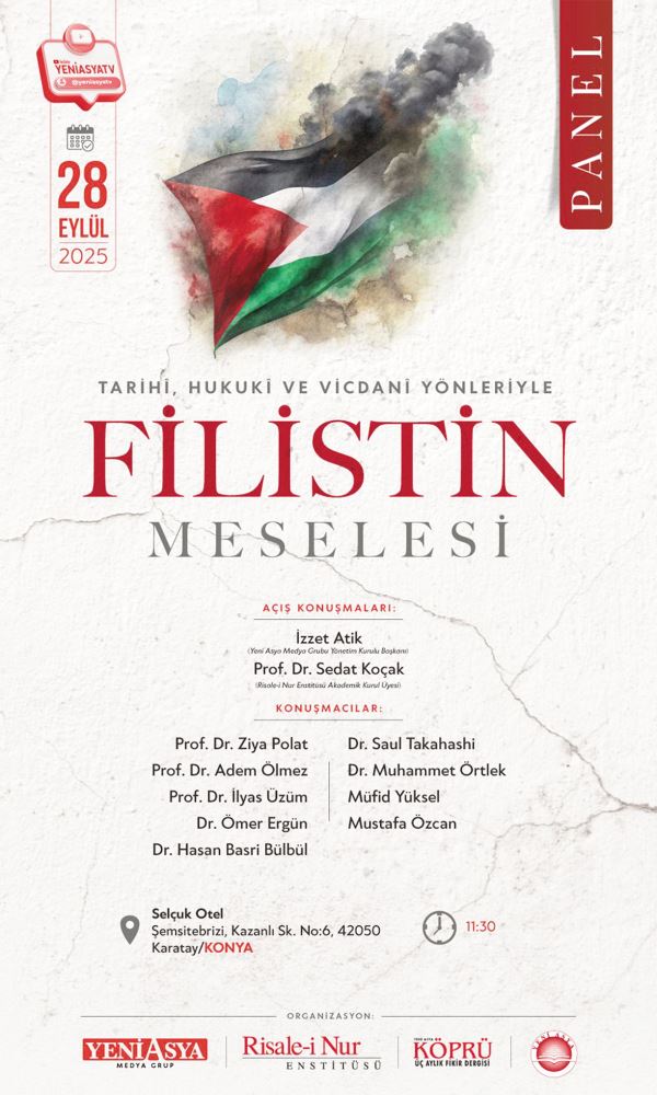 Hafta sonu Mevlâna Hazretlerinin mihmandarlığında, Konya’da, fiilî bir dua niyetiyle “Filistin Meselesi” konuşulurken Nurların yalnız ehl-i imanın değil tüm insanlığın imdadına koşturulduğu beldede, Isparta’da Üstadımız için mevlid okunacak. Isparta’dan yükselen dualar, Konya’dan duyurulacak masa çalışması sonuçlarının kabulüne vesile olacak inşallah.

--

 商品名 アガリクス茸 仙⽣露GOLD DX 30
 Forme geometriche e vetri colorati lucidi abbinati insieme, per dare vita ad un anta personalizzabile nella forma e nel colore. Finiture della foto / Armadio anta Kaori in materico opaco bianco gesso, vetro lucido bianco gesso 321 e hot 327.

--

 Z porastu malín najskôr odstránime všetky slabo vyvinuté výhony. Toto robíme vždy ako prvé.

◆ **Assigned task**
Both end lines included, restate word for word the lines above from the line with "商品名 アガリクス茸 仙⽣露GOLD DX 30" to the line with "Forme geometriche e", and nothing else.

◆ **Answer to the problem**
 商品名 アガリクス茸 仙⽣露GOLD DX 30
 Forme geometriche e vetri colorati lucidi abbinati insieme, per dare vita ad un anta personalizzabile nella forma e nel colore. Finiture della foto / Armadio anta Kaori in materico opaco bianco gesso, vetro lucido bianco gesso 321 e hot 327.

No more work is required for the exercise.